Top of Collected data

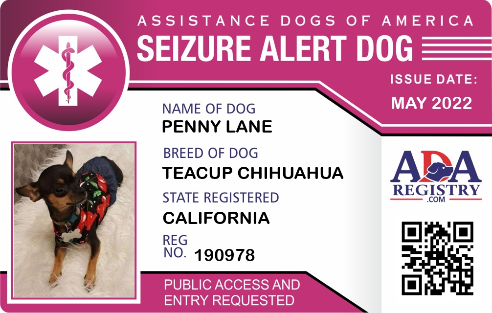 Seizure Assistance Dog Registration for Penny Lane
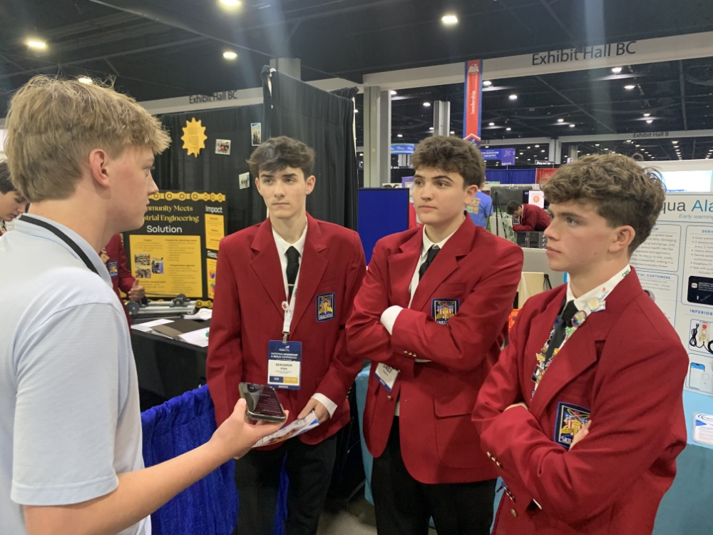 In an exhibition area that resembled a real-world science fair, we talked to three students from Burrillville High School in Rhode Island who were returning to the national competition after having placed third the year before.
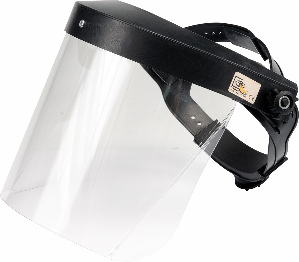 Čelní štít s výměnným čirým polykarbonátovým hledím, opatřený nastavitelnou přeskou a vyklápěcím mechanismem. Chrání proti stříkajícím kapalinám a proti nárazům pevných částic. Určeno k ochraně obličeje během nebezpečných prací, jako je broušení, vrtání, řezání atp. Technická data Zhotovení...
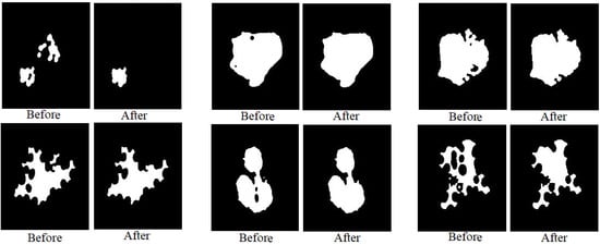 The morphological method is a process for improving segmented images. After the segmentation process, holes not belonging to the ROI are left; these holes lead to a lack of diagnosis [30]. There are many morphological processes that remove these holes, such as opening, erosion, closing, and dilation. Morphological processes create a structure element with a 5 × 5 size, move it to each location of the segmentation image, and compare it with the neighboring pixels. The processes test if the structure element “fits in” with its neighbors or not, and the “hits” process tests the intersection between neighbors. The process continues until the whole image is scanned and an optimized binary image is produced. Figure 5 shows samples of dataset images obtained before and after the application of morphological processes. Where it is noted, the images were improved by filling in the gaps not belonging to the ROI.

Bottom of Collected data

Problem description
All the lines above need to be repeated exactly, with no pictures carried over.

Exercise output
 Seizure Assistance Dog Registration for Penny Lane
 In an exhibition area that resembled a real-world science fair, we talked to three students from Burrillville High School in Rhode Island who were returning to the national competition after having placed third the year before.
 Čelní štít s výměnným čirým polykarbonátovým hledím, opatřený nastavitelnou přeskou a vyklápěcím mechanismem. Chrání proti stříkajícím kapalinám a proti nárazům pevných částic. Určeno k ochraně obličeje během nebezpečných prací, jako je broušení, vrtání, řezání atp. Technická data Zhotovení...
 The morphological method is a process for improving segmented images. After the segmentation process, holes not belonging to the ROI are left; these holes lead to a lack of diagnosis [30]. There are many morphological processes that remove these holes, such as opening, erosion, closing, and dilation. Morphological processes create a structure element with a 5 × 5 size, move it to each location of the segmentation image, and compare it with the neighboring pixels. The processes test if the structure element “fits in” with its neighbors or not, and the “hits” process tests the intersection between neighbors. The process continues until the whole image is scanned and an optimized binary image is produced. Figure 5 shows samples of dataset images obtained before and after the application of morphological processes. Where it is noted, the images were improved by filling in the gaps not belonging to the ROI.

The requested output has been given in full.